=== Required action ===
No pictures belong in the copy. Retype exactly, and only, the stretch of lines below from the one with "Мейтин - настоящая" through the one with "Club sandwich με".

=== Study material ===

----

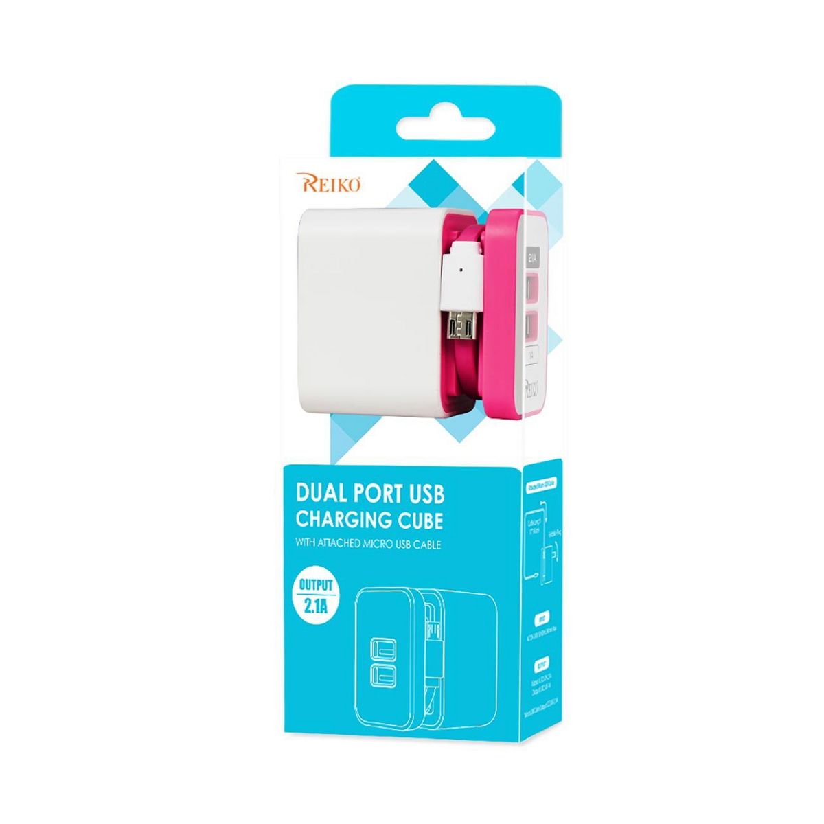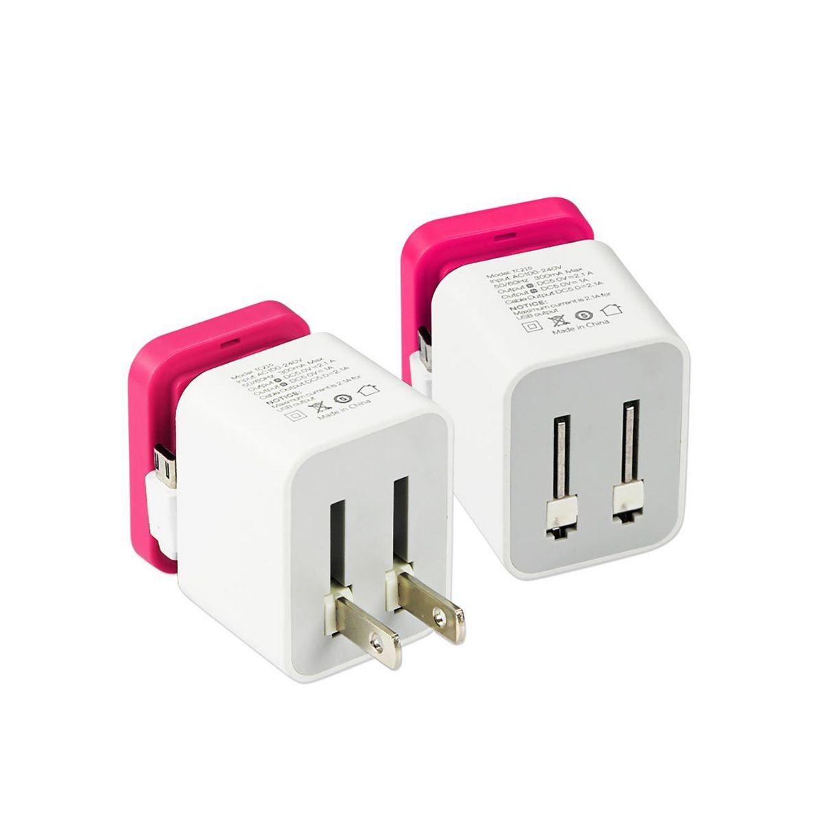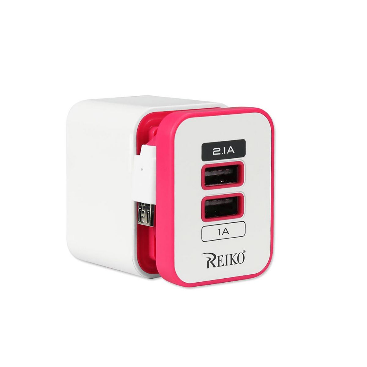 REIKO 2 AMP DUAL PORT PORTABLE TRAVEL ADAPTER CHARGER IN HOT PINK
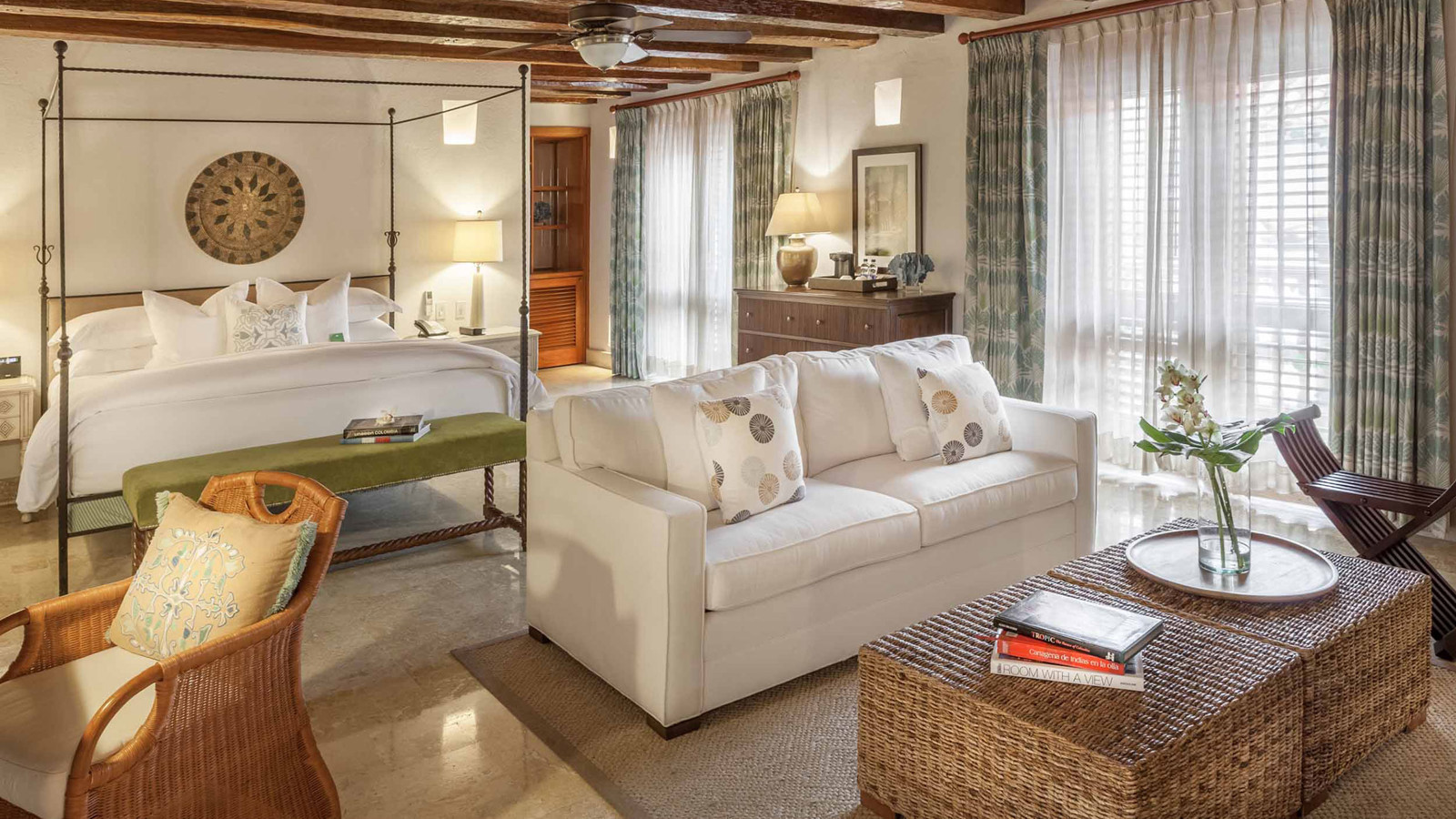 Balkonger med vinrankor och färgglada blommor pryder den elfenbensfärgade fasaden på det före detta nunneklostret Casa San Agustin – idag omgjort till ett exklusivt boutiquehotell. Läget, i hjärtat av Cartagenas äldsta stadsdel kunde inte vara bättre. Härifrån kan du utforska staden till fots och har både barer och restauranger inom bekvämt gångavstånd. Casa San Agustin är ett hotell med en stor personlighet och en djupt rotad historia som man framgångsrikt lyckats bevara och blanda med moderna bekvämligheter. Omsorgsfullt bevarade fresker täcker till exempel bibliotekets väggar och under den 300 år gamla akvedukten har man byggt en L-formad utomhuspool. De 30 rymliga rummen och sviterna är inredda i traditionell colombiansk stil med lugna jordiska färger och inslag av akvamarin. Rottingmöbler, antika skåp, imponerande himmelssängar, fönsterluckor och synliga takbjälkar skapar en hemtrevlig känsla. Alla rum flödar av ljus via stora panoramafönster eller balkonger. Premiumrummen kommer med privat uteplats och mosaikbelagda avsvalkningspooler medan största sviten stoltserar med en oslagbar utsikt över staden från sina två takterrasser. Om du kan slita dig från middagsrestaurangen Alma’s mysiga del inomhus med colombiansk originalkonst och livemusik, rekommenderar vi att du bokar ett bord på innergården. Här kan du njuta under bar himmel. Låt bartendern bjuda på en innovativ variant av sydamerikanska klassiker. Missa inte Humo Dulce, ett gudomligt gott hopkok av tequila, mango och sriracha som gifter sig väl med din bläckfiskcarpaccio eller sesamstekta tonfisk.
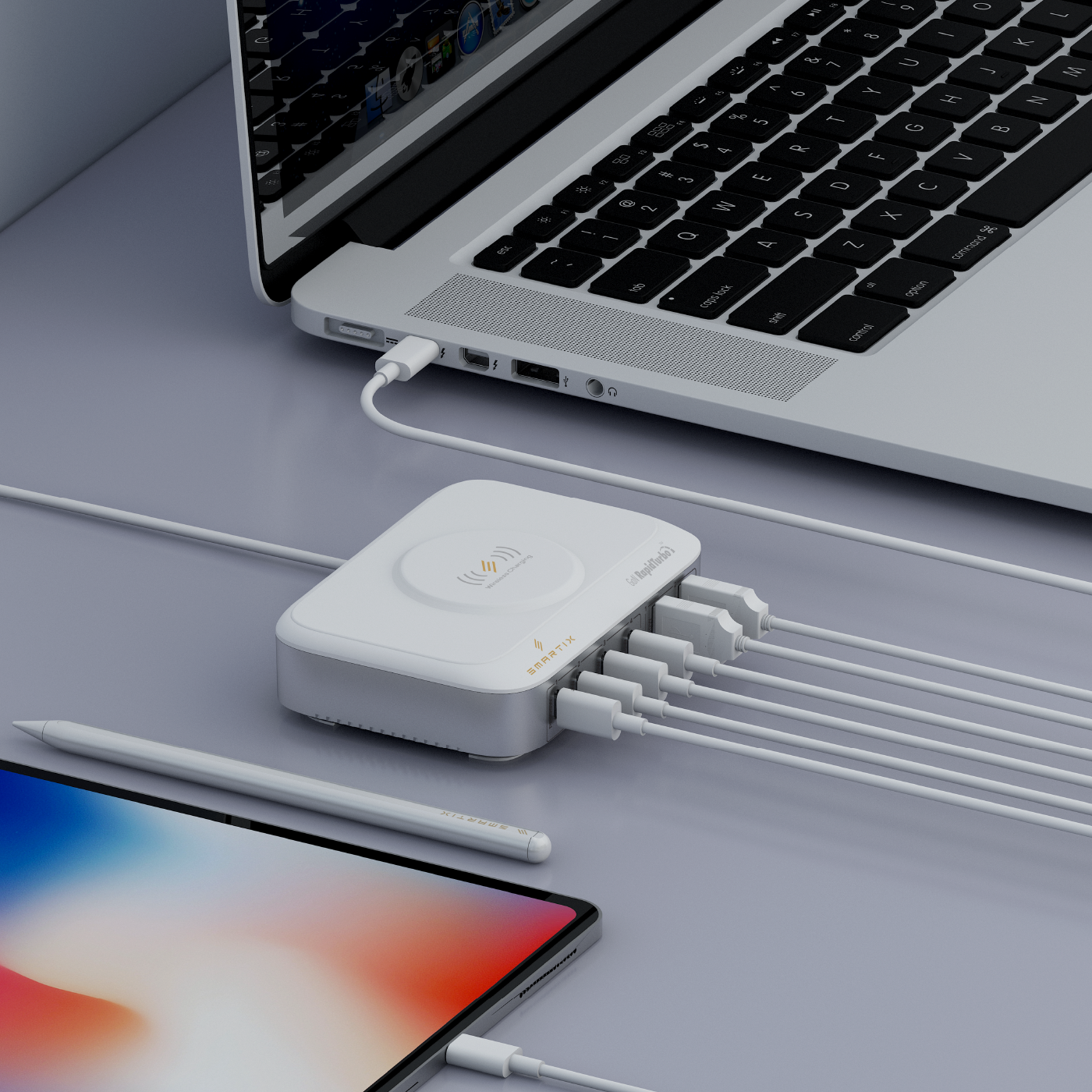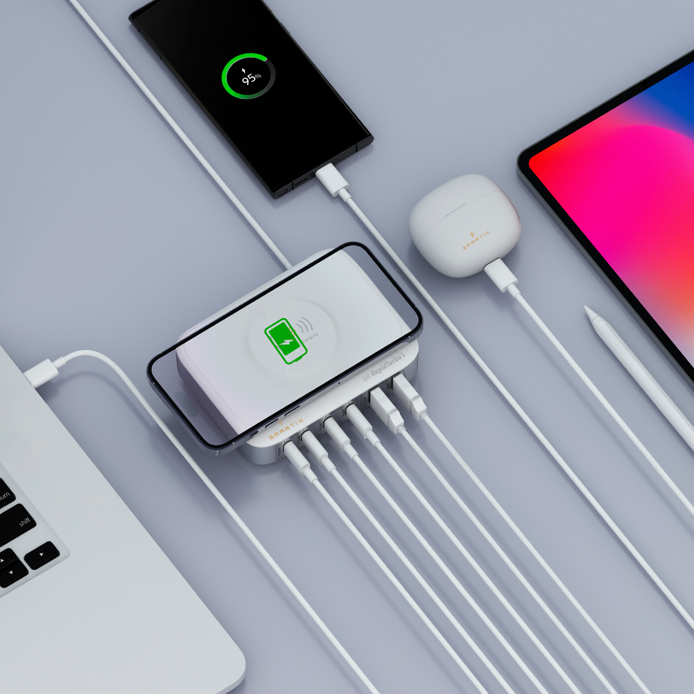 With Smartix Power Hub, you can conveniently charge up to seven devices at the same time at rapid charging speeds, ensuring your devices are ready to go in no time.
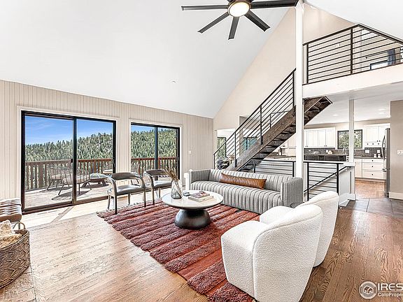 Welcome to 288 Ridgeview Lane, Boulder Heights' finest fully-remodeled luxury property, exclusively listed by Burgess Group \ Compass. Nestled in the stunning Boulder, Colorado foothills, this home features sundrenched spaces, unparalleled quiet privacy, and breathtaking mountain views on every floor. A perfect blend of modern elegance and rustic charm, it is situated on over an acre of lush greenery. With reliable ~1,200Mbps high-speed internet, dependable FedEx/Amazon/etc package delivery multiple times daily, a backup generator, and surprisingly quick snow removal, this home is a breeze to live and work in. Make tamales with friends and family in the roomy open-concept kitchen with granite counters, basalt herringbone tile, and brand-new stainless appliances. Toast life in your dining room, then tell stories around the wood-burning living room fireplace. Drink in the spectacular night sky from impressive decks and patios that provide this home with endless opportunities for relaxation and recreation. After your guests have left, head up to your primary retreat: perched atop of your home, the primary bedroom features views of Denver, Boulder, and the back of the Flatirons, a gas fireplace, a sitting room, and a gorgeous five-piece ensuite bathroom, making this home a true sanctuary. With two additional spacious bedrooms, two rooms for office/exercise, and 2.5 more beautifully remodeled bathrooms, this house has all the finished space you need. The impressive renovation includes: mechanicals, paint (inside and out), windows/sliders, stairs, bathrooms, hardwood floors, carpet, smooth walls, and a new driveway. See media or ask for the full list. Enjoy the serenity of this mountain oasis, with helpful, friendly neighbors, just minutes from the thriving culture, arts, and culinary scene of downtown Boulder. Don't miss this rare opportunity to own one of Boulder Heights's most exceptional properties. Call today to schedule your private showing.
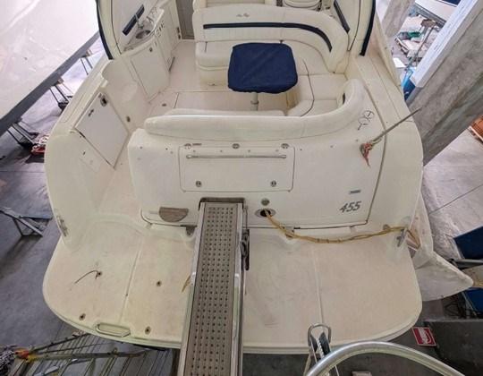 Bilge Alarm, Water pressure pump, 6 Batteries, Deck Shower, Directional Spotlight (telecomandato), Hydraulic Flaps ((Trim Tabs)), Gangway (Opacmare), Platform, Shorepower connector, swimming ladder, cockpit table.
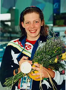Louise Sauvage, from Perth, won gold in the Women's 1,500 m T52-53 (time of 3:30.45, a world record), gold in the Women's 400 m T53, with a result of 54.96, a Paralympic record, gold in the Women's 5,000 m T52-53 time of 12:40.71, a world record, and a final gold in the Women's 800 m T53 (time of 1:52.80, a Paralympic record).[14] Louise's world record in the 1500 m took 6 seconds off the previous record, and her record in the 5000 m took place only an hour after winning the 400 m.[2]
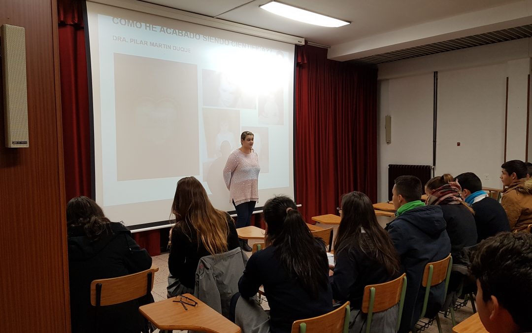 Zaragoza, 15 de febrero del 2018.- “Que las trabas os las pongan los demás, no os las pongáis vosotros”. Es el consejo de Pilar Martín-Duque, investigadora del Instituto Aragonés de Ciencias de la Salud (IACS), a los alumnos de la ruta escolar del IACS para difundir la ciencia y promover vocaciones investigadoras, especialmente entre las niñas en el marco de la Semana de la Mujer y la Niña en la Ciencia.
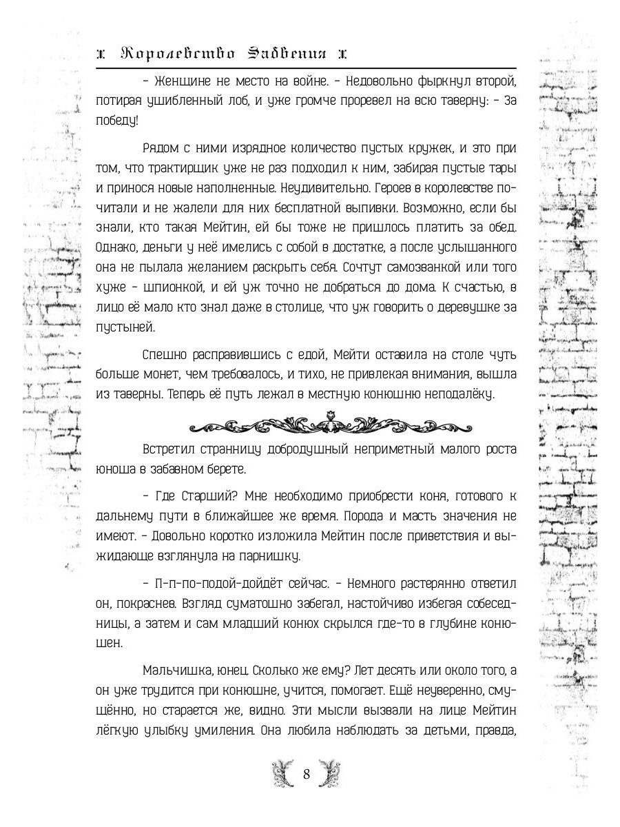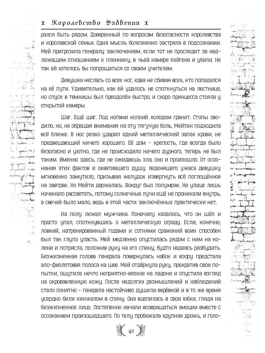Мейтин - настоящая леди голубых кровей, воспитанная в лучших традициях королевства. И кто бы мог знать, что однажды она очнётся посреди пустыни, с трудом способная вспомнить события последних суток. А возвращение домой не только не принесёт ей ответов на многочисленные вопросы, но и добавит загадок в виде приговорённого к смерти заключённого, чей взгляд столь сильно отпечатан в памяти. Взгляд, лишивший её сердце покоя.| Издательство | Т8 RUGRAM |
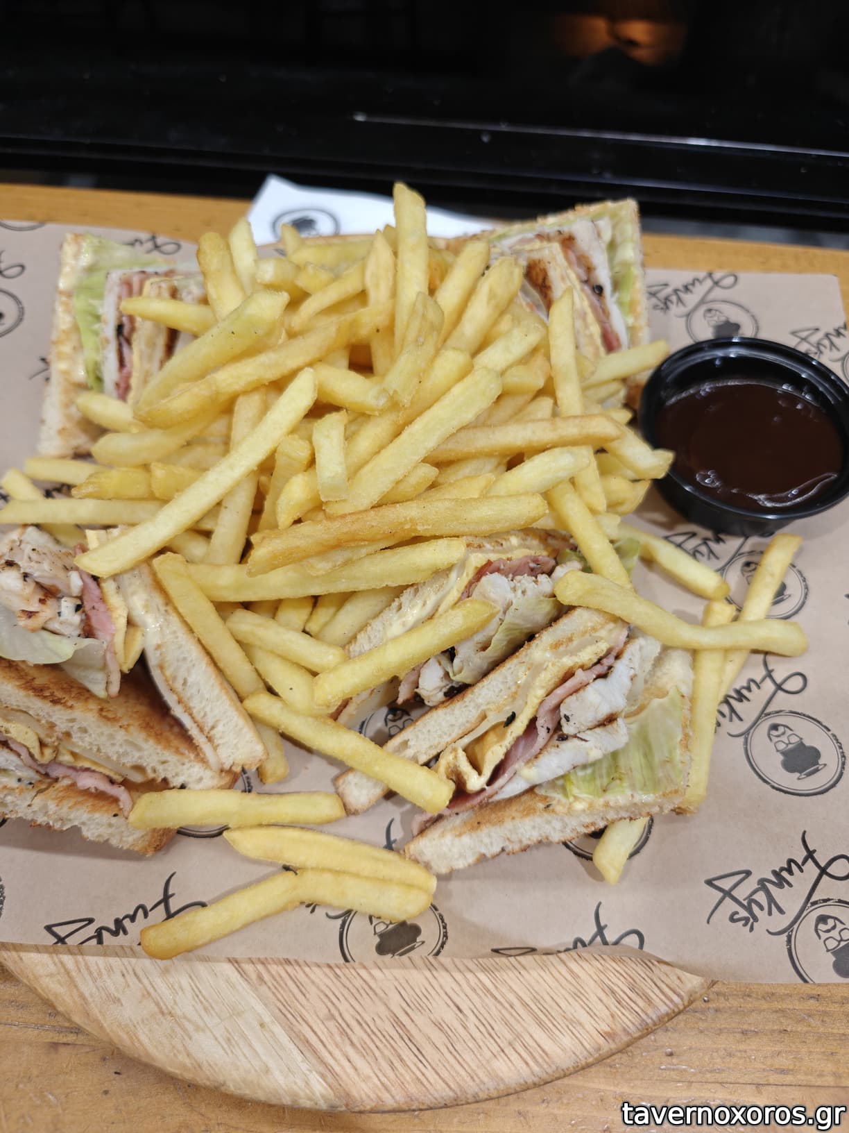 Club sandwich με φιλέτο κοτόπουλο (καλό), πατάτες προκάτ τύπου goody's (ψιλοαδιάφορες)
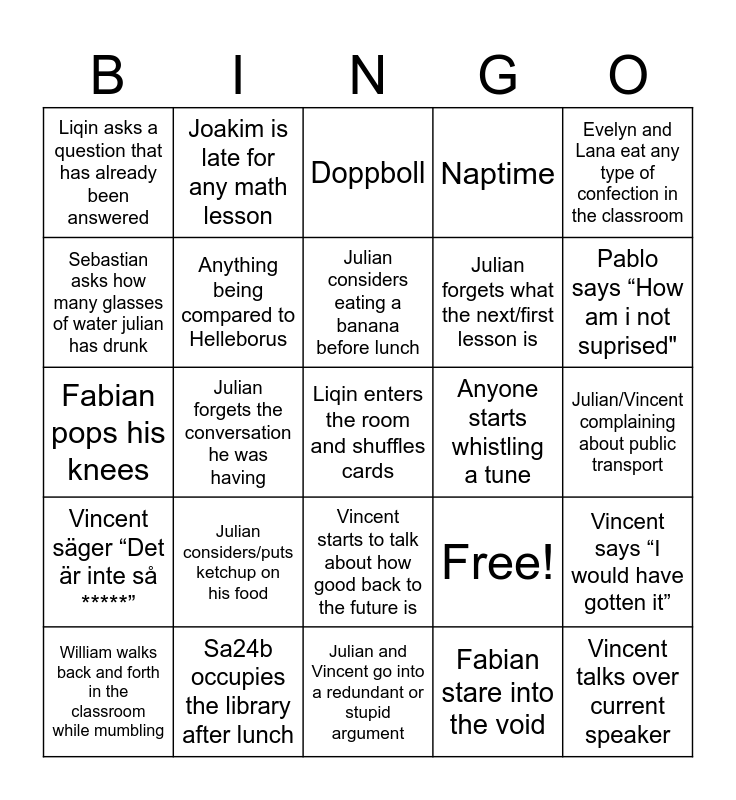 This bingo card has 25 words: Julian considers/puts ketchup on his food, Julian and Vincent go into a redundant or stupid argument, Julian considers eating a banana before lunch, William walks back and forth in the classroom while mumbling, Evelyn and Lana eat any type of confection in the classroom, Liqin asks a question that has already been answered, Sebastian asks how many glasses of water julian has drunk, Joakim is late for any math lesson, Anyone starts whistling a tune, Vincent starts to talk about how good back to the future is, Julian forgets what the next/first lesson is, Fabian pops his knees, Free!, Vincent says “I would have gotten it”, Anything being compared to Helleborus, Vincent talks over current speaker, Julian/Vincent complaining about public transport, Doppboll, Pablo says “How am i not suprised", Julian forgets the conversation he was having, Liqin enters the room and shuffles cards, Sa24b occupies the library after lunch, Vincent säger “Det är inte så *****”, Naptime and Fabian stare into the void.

----

=== Result for this exercise ===
Мейтин - настоящая леди голубых кровей, воспитанная в лучших традициях королевства. И кто бы мог знать, что однажды она очнётся посреди пустыни, с трудом способная вспомнить события последних суток. А возвращение домой не только не принесёт ей ответов на многочисленные вопросы, но и добавит загадок в виде приговорённого к смерти заключённого, чей взгляд столь сильно отпечатан в памяти. Взгляд, лишивший её сердце покоя.| Издательство | Т8 RUGRAM |
 Club sandwich με φιλέτο κοτόπουλο (καλό), πατάτες προκάτ τύπου goody's (ψιλοαδιάφορες)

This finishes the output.